Open sstemann opened 3 years ago
ARAX can complete this query, but because it is so huge, it takes 7 minutes. If the ARS doesn't wait that long, then it will appear as an error.
The 3 results from the Genetics KP are: "MONDO:0032827": { "name": "Epilepsy, idiopathic generalized, susceptibility to, 16" }, "MONDO:0032886": { "name": "Liang-Wang syndrome" }, "MONDO:0060551": { "name": "Cerebellar atrophy, developmental delay, and seizures" }
As a note, this query results in something like 45K edges when querying ARAX. The query will eventually finish, and the results can be viewed here: https://arax.ncats.io/?r=11931. The issue is due to promiscuous nodes: not constraining the disease or phenotypic feature nodes means the query goes through nodes like syndromic disease
which connect to a large fraction of phenotypic features. Indeed, the explosion is due to the second edge that is added.
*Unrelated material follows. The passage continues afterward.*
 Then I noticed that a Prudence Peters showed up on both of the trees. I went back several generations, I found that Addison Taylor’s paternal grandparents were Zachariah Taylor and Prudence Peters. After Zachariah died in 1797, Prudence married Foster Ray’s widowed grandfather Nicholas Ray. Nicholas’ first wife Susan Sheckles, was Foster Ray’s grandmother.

One way to circumvent this is to look for "most representative" diseases and phenotypic features by ranking the first hop according to a Fisher exact test (and taking the top, say, 20 edges according to the Fisher test), and repeating this for the second hop. In ARAX, this completes in under two minutes and returns a bit better of results: https://arax.ncats.io/?r=11934
As an aside, this is another example where user specified operations would be beneficial.
Something weird is happening here. I see the imProving Agent return successfully in less than 1 second in our logs, but the results seem to never make it back to the ARS and the status continues to show "Running" in ARAX. Here are (a subset of) the logs from query with the same ARS message id:
web1.1_1 | 2021-06-08 01:55:51,579 INFO improving_agent.src.core line 69: Got query {'message': {'query_graph': {'nodes': {'n0': {'ids': ['HGNC:6284'], 'categories': ['biolink:Gene']}, 'n1': {'categories': ['biolink:Disease']}, 'n2': {'categories': ['biolink:PhenotypicFeature']}}, 'edges': {'e0': {'subject': 'n0', 'object': 'n1'}, 'e1': {'subject': 'n1', 'object': 'n2'}}}}, 'callback': 'http://localhost:8000/ars/api/messages/2cf3af2a-932e-429b-a64d-9e6c8c931d77'}...
...
web1.1_1 | 2021-06-08 01:55:51,836 INFO improving_agent.src.core line 94: Success. Returning 208 results...
web1.1_1 | [pid: 7|app: 0|req: 914/1238] 172.21.0.1 () {32 vars in 407 bytes} [Tue Jun 8 01:55:51 2021] POST /api/v1.1/query => generated 503475 bytes in 338 msecs (HTTP/1.0 200) 2 headers in 75 bytes (1 switches on core 0)
Here are the results attained through direct querying. Apologies for the txt
extension, Github does not allow JSON attachments.
COHD was down last night while we were doing some work on it, hence the bad gateway response, but it's back up and running now. Running the query directly through COHD returns a message saying
Unsupported query. Only one-hop queries supported.
OpenPredict similarly says
Multi-edges queries not yet implemented`
MolePro does not support two-hop queries.
CAM-KP does not include diseases or phenotypic features.
Query: kcnma1DiseasePhenotypicFeat.json PK: 406da4ca-fef1-499d-9d61-e3e9ca0914c0 HGNC: 6284 Control: Paroxysmal Nonkinesigenic Dyskinesia (drop attacks) and/or Gene-Phenotype Relationships from OMIM Results Tracking Sheet
This is a two-hop query related to Phenotypic Feature - Gene KCNMA1 (HGNC:6284)
In issue #70 we ran first as phenotypicfeature - gene, then we ran as diseaseorphenotypicfeature - gene, in this case we introduce disease as a middle hop.